§ Work item:
Below is a listing; retype exactly the line with "Горщик миса Ламела" and every line after it through the end, and only those, leaving out the pictures.

§ Exercise data:
━━━━━━━━━━━━━━━━━━━━━━━━━━━━━━

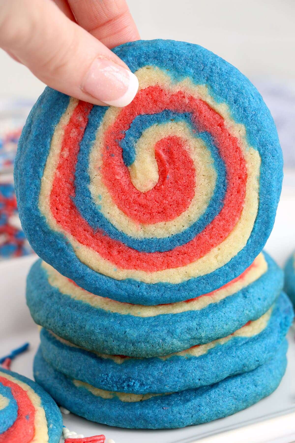 Red White And Blue Cookies are the best patriotic cookies for the holidays. Made in a playful pinwheel shape, these cookies have just the right amount of sweetness and look so fun and festive.
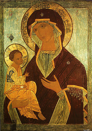 (греч. «путеводительница») – одно из самых распространенных изображений Богоматери, держащей на левой руке благословляющего Младенца. Правой рукой Божия Матерь указывает на Младенца Христа, то есть, является Путеводительницей ко Христу, что и выражено в названии иконы. По преданию, самая первая Одигитрия была исполнена евангелистом Лукой и в середине V века перевезена из Святой Земли в Константинополь Евдокией, женой императора Феодосия. Икона Богоматери Одигитрии пользовалась чрезвычайным почитанием в Византии, списки с нее получили широкое распространение на Руси. К этому типу относятся такие почитаемые иконы, как Смоленская, Иерусалимская (Грузинская), Костромская, Ярославская, Тихвинская, Иверская и др. Сохраняя основной иконографический тип Одигитрии, они различаются в деталях.
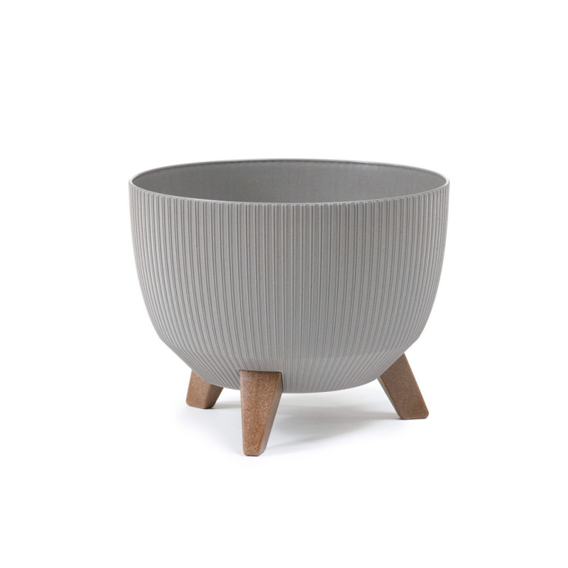 Горщик миса Ламела Рома Джампер EKO Wood 24 см на ніжках 962 елегантного дизайну лофт із смужками виготовлений з додаванням переробленої деревної стружки, що утворюється під час виробництва меблів та інших виробів з дерева. Він виготовлена з високоякісного матеріалу, а ніжки, що входять в комплект, просто і швидко збираються, а також мають вигляд дерева, що надає дизайну додаткової елегантності.
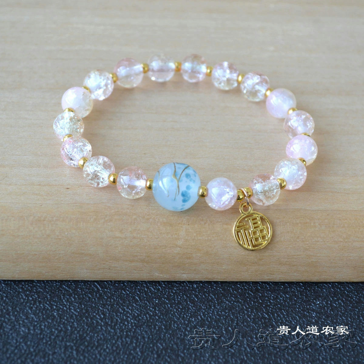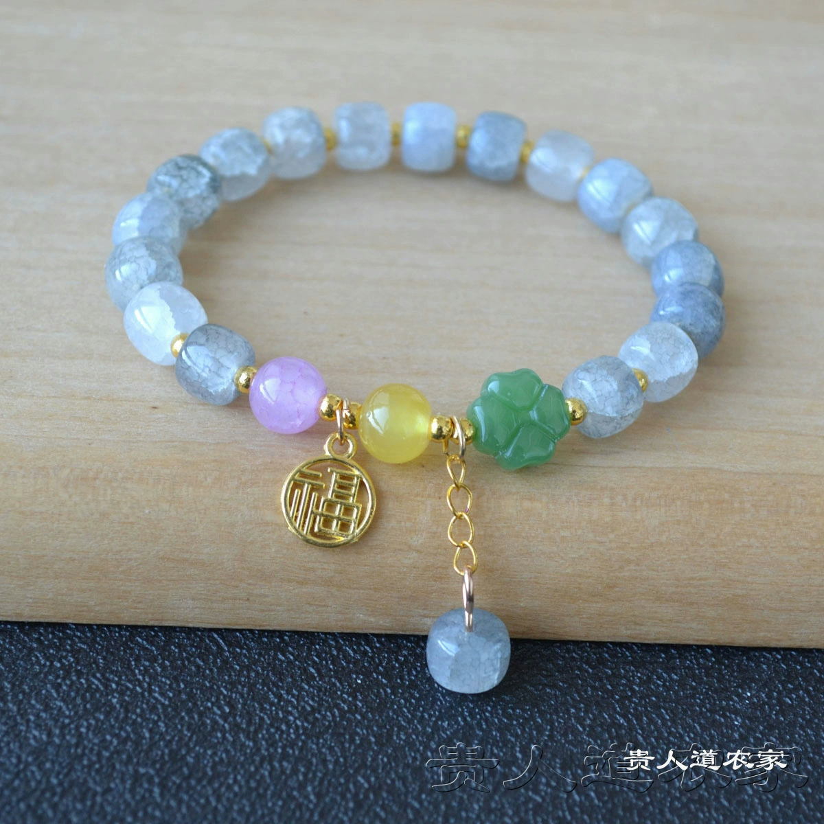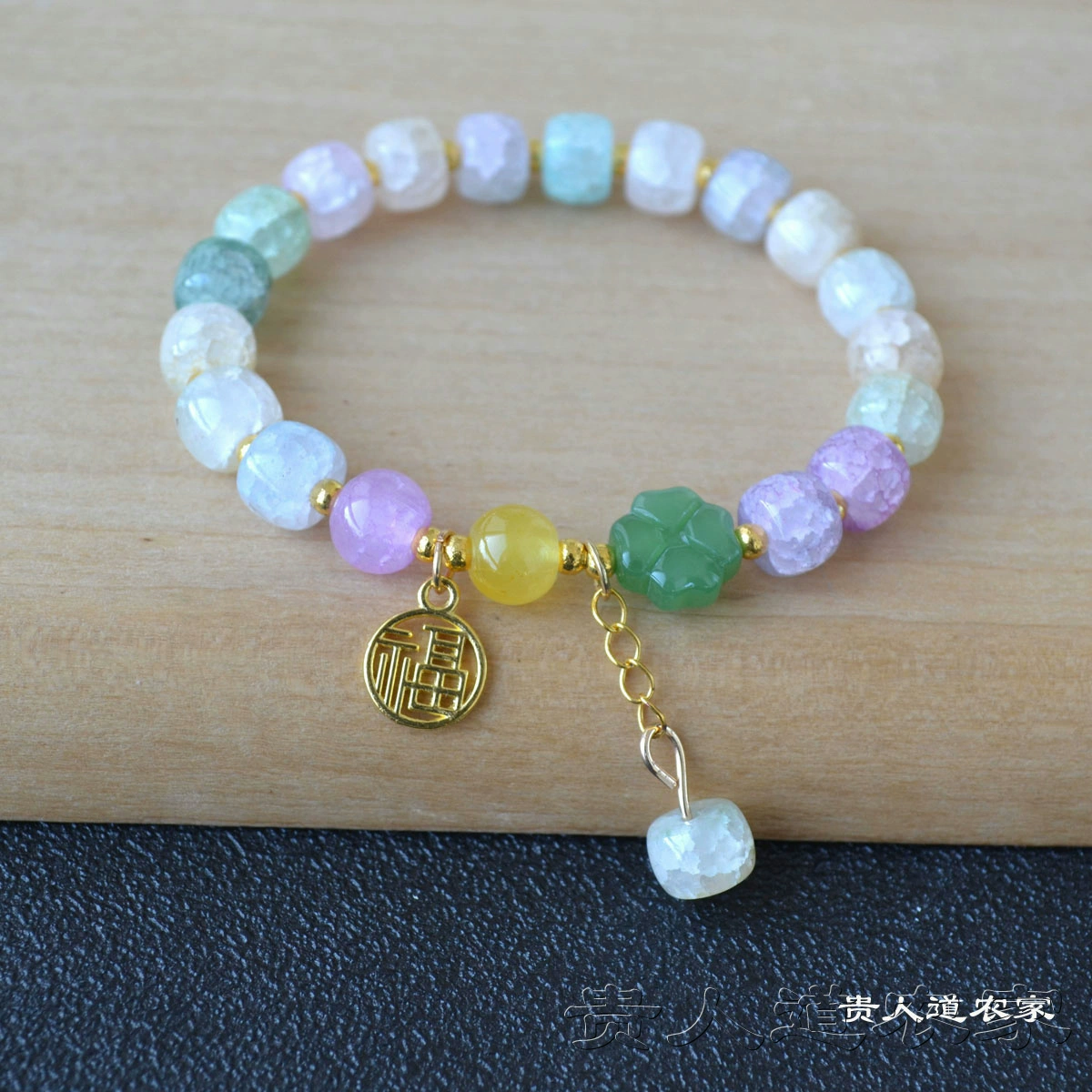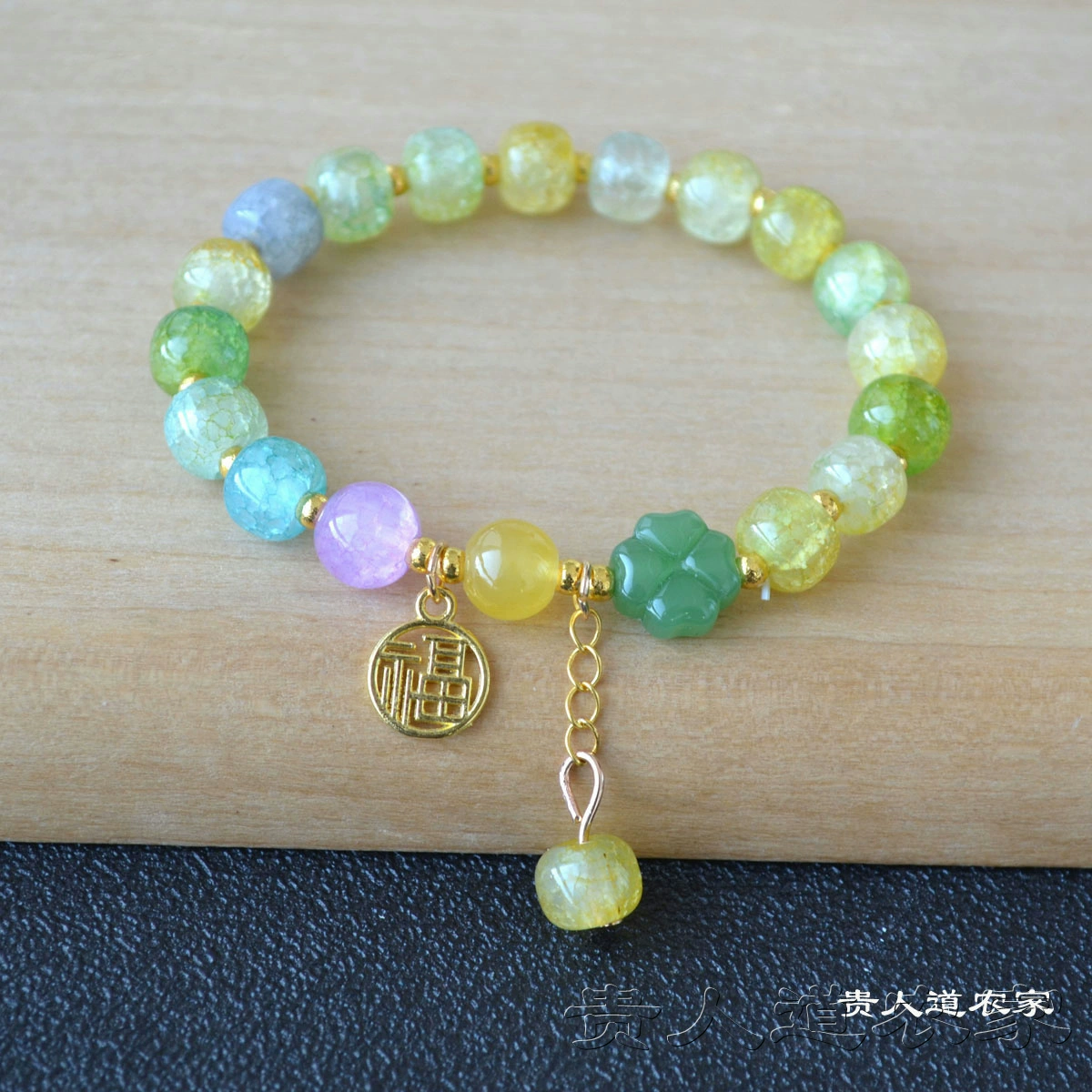 | nameOriginal | Glass bead imitation jade crystal agate bracelet female student best friend gift sweet four-leaf clover butterfly lotus bracelet |

━━━━━━━━━━━━━━━━━━━━━━━━━━━━━━

§ Solution to this exercise:
 Горщик миса Ламела Рома Джампер EKO Wood 24 см на ніжках 962 елегантного дизайну лофт із смужками виготовлений з додаванням переробленої деревної стружки, що утворюється під час виробництва меблів та інших виробів з дерева. Він виготовлена з високоякісного матеріалу, а ніжки, що входять в комплект, просто і швидко збираються, а також мають вигляд дерева, що надає дизайну додаткової елегантності.
 | nameOriginal | Glass bead imitation jade crystal agate bracelet female student best friend gift sweet four-leaf clover butterfly lotus bracelet |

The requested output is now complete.